**YOUR GOAL:**
No picture should appear in the copy. Transcribe exactly, and only, the lines from the one with "무서우니 부모님께 말하고 혼인신고하자는" through the last line of the data below.

**SUPPLIED INFORMATION:**
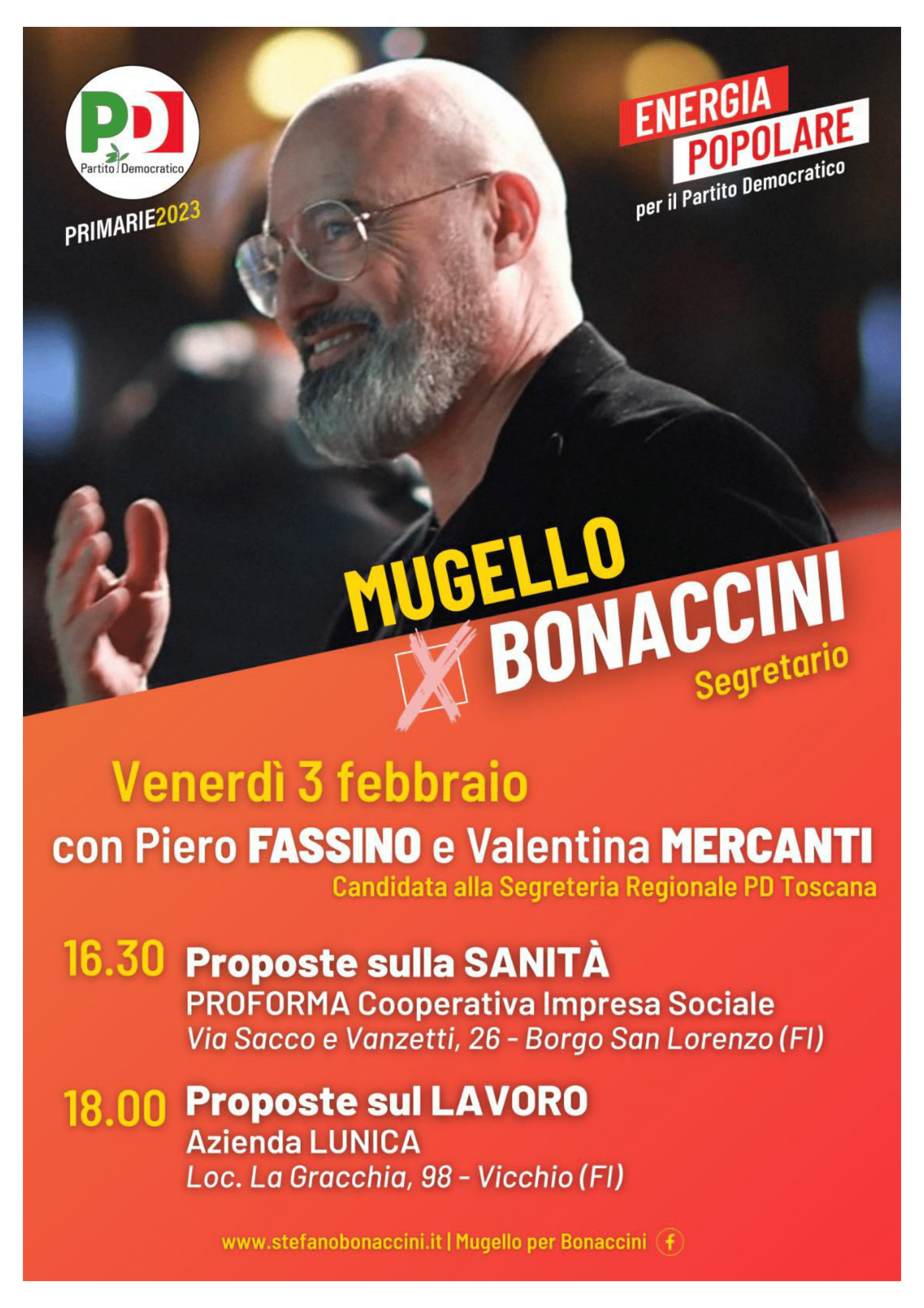 Il comitato metropolitano del Mugello a sostegno della mozione di Stefano Bonaccini, candidato alla segreteria nazionale, organizza due incontri aperti al contributo di tutti e nei quali interverrà anche Piero Fassino, deputato alla Camera PD e Presidente della Commissioni Affari Esteri.
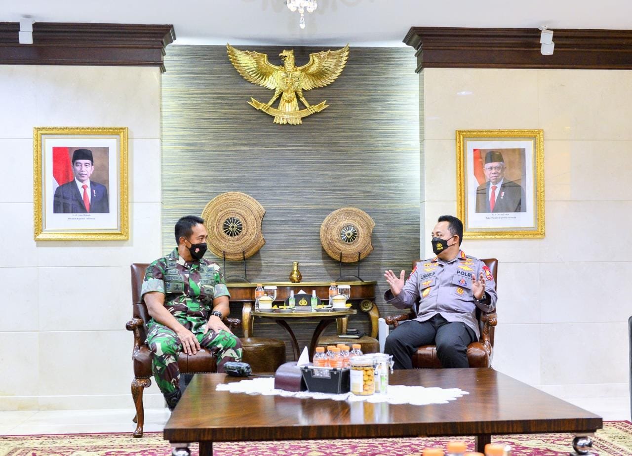 Jakarta – Panglima TNI Jenderal Andika Perkasa menyambangi Kapolri Jenderal Listyo Sigit Prabowo di Mabes Polri, Jakarta Selatan, Selasa (23/11/2021). Dalam kesempatan itu, kedua Jenderal tersebut salah satunya membahas soal ditingkatkannya sinergitas dan soliditas TNI-Polri.
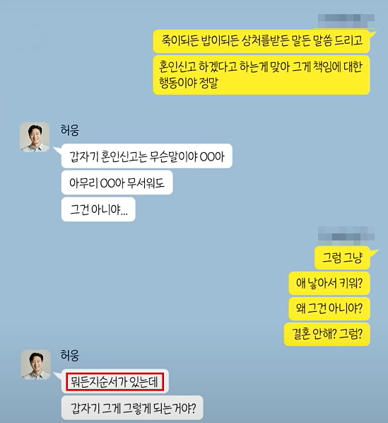 무서우니 부모님께 말하고 혼인신고하자는 A씨의 말에 허웅은 “갑자기 혼인신고는 무슨 말이야? 아무리 무서워도 그건 아니야”라고 말했다.
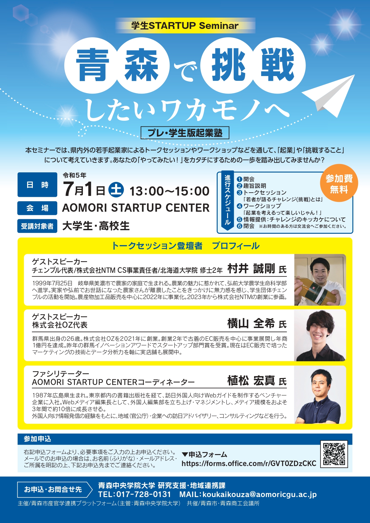 青森市産官学連携プラットフォーム(本件主管:青森中央学院大学)による『学生STARTUP Seminar~青森で挑戦したいワカモノヘ~ 開催のお知らせ』(チラシ)が開催されます。

**COMPLETED EXERCISE:**
 무서우니 부모님께 말하고 혼인신고하자는 A씨의 말에 허웅은 “갑자기 혼인신고는 무슨 말이야? 아무리 무서워도 그건 아니야”라고 말했다.
 青森市産官学連携プラットフォーム(本件主管:青森中央学院大学)による『学生STARTUP Seminar~青森で挑戦したいワカモノヘ~ 開催のお知らせ』(チラシ)が開催されます。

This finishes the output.